すると、魔方陣の中央に寝かされていた老婦人がゆっくりと身を起こし、辺りをきょろきょろ見回した。

「あら、私どうしたのかしら? 病院にいたはずなのに……」

 前にも言ったが、誰でも死んだ瞬間の記憶はない。よって、こういう混乱が起こるのだ。「ジーナ!!」

 依頼者が老婦人に抱きつく。

「あら、あなた……どうしたのですか、いきなり」

 いちおう、なんとか蘇生に成功したが、もう残された時間は僅かだ。どんな蘇生術でも病気は治せないし、時間を巻き戻す事も出来ない、これが限界だ。

「すまなかった。いつも威張り散らして苦労かけて……」

「どうしたのですか。急に?」

「ゆっくり話している時間はない。最後にどうしても伝えたかった……ありがとう」

 老婦人は満面の笑みを浮かべ、依頼者を抱きしめ……そして、再び事切れた。

「……恥ずかしいところを見せてしまったな」

 私は何も言わない。ただ、小さく笑みを浮かべただけだ。

「……ご遺体搬送の準備はされていますか?」

 私が聞くと、依頼者はうなずいた。

「ああ、すぐそこで待機させてある」

「では、助手に手伝わせますので……」

 私が言うより早く、10人の助手が丁寧に遺体を運んでいく。さすがに手慣れたものだ。

「ここは無料と聞いたが、これを寄付として受け取って欲しい」

 依頼者はかなり大きく膨らんだ革袋を差し出してきた。

「受け取れません。奥様のために立派なお墓を用意して下さい」

 私は差し出された手をそっと押し戻した。

「……この恩は一生忘れない。感謝の言葉も浮かばぬ。ありがとうとしか言えない」

 そう言って再び脱帽して礼。まあ、苦労した甲斐があったかな。こうして、この日の蘇生は終了したのだった。たまにはこういうのもないと、やってられないってね。


 アラムと並んで城に戻り、ここは私の部屋である。蘇生に使う右手の切り傷を回復魔法で治し、ため息をついた。私、なんでこの国に来たんだっけ?

 部屋のドアがノックされ、アラムが部屋に入ってきた。いつになく真剣な顔だ。

「ど、どうしたの?」

 私が聞いても答えない。返事の代わりと言わんばかりに、思い切り激しいキスをしてきた。ちょっと待て、呼吸が出来ない!!
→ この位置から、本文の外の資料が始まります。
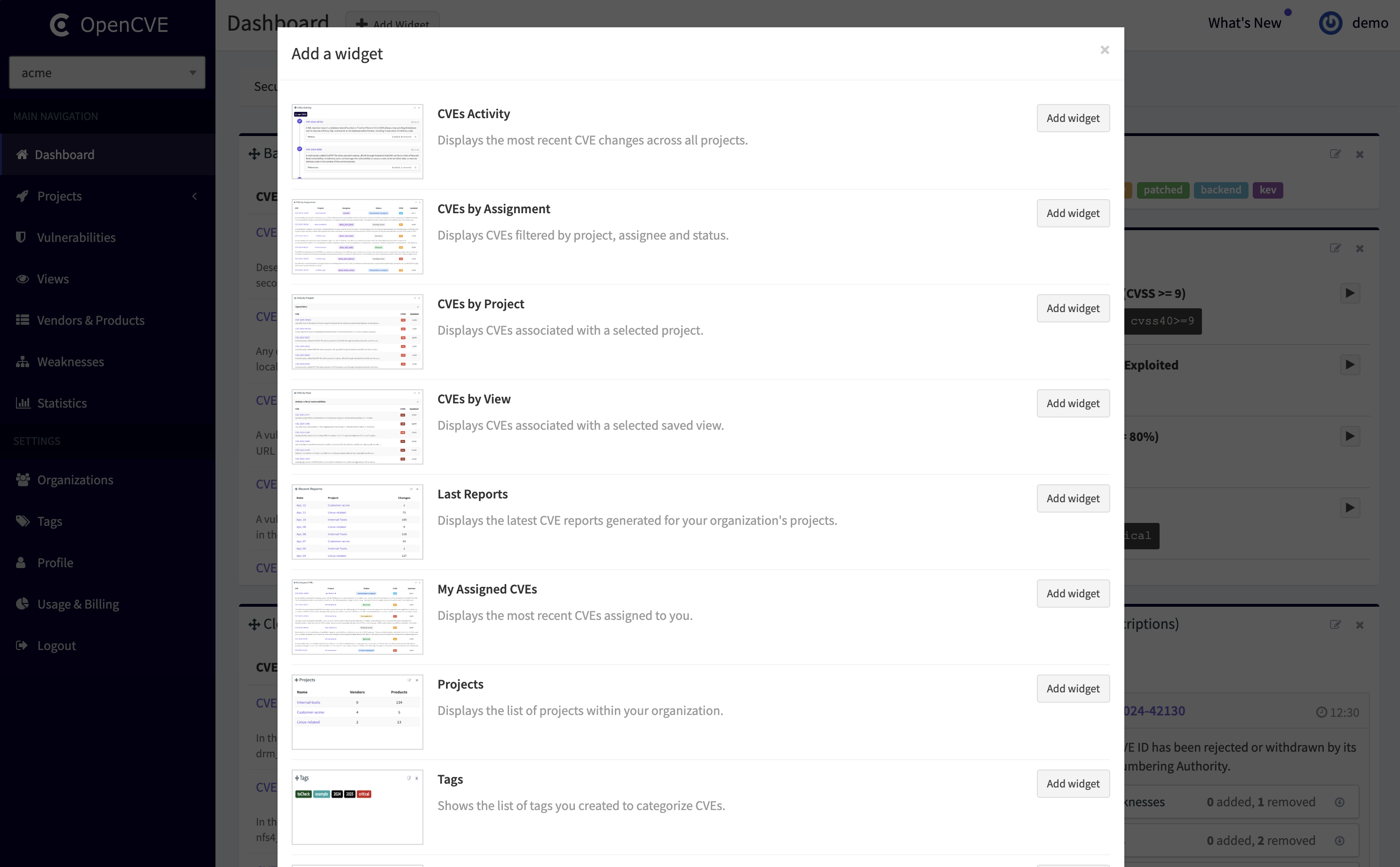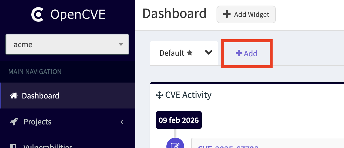 By default, each organization has a default dashboard. Users can create additional dashboards to better organize their widgets (e.g. one for high-priority CVEs, one per project, or one for daily reports).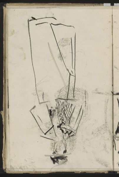 Editor: We are looking at "Plantestudie", a study of plants done between 1906 and 1910 by Niels Larsen Stevns, rendered in pencil and colored pencil on paper. I'm struck by how skeletal it feels, even though it's nature, with very angular drawing. How would you interpret this piece? Curator: Primarily, I see a focus on line and form. Consider how the artist uses contour lines to define the leaves, employing varying weights to suggest depth and shadow. It is interesting how hatching describes space, with the cross-hatching behind the upper plant, contrasting with the flat line representing ground near the base. Do you see that relationship? Editor: Yes, I see the contrast! So it's less about depicting nature accurately and more about exploring the language of drawing itself. Curator: Precisely. Note the negative space too. The white paper becomes just as important as the drawn lines. This, in turn, prompts us to question the nature of representation. To what extent does this drawing communicate a concrete sense of ‘plant,’ and to what extent is it a study in abstraction? Editor: That's a really interesting way to put it. It almost feels like a map of a plant, more than a portrait. Curator: Precisely! Furthermore, the layering and the unfinished quality give the image a sense of dynamism. The artist shows us the process, and not just the finished product. It is both study and object, simultaneously. Editor: I hadn’t considered that aspect of it. Thanks for showing me a new perspective! Curator: It is my pleasure. Visual literacy asks us to decode images beyond subject; we look closely to question the formal strategies employed by the artist and how those choices manifest meaning.

 ようやく離れたと思ったら、いきなり間抜けな事を言い出した。

「僕もあの老夫婦みたいになるんです!!」

 ……このバカ。

「あれはねぇ、何十年も掛けて積み上げていくものなの! まあ、年齢的には私の方が先に逝っちゃうけど……」

 ……あー、年齢差考えたらそうよね。言って気がついた。

「そうしたら、シンシアが蘇生すればいいんです!!」

 ……おいおい、大丈夫か?

「自分の蘇生が出来るわけないでしょ。この馬鹿たれ!!」

 当たり前の事を当たり前に返す私。

「そこは努力と根性で……!!」

「無理」

 努力と根性でどうにかなったら、魔法なんて要らないっての!!

「シンシアならきっと……むがっ!?」

 私はアラムを抱え上げ、ベッドに放り込んだ。そして、私も彼の隣に滑り込む。

「なにも無理する事はないのよ。ゆっくりいけばいいんだから……」

 私はアラムの体をそっと抱きしめた。彼の荒い息が急速に落ち着いてきた。

「アリシアは知らないかもしれませんが、母上の蘇生に成功したことで国では一目置かれる存在になっています。まるで、どんどん僕から遠ざかっていくような……」

 ……あー、お子様ねぇ。

「私はあなたのお嫁さん。なにか文句ある?」

 アラムがきつく私を抱きしめてきた。

「もちろん、文句なんてないです。ですが……」

「ですがも人食いヘチマもないわよ。それとも、私が信じられない?」

 私は意地悪な質問をした。答えは1つしかないと知りながら。

「もちろん信じています!!」

「ならそれでよし。どこにも行かないから安心しなさい」

 私はアラムの体をそっと撫でながら、母国では誰でも知っている子守歌を口ずさんだ。この状態のアラムにどれだけ効果があるか分からないが、歌に紛らせてこっそり睡眠の魔法も掛けてある。そして、アラムは落ちた。今はゆっくり寝なさい。

 それなりに膨大な魔力を使ったので私も眠い。子守歌を歌いながら、私も睡魔に誘われていったのだった。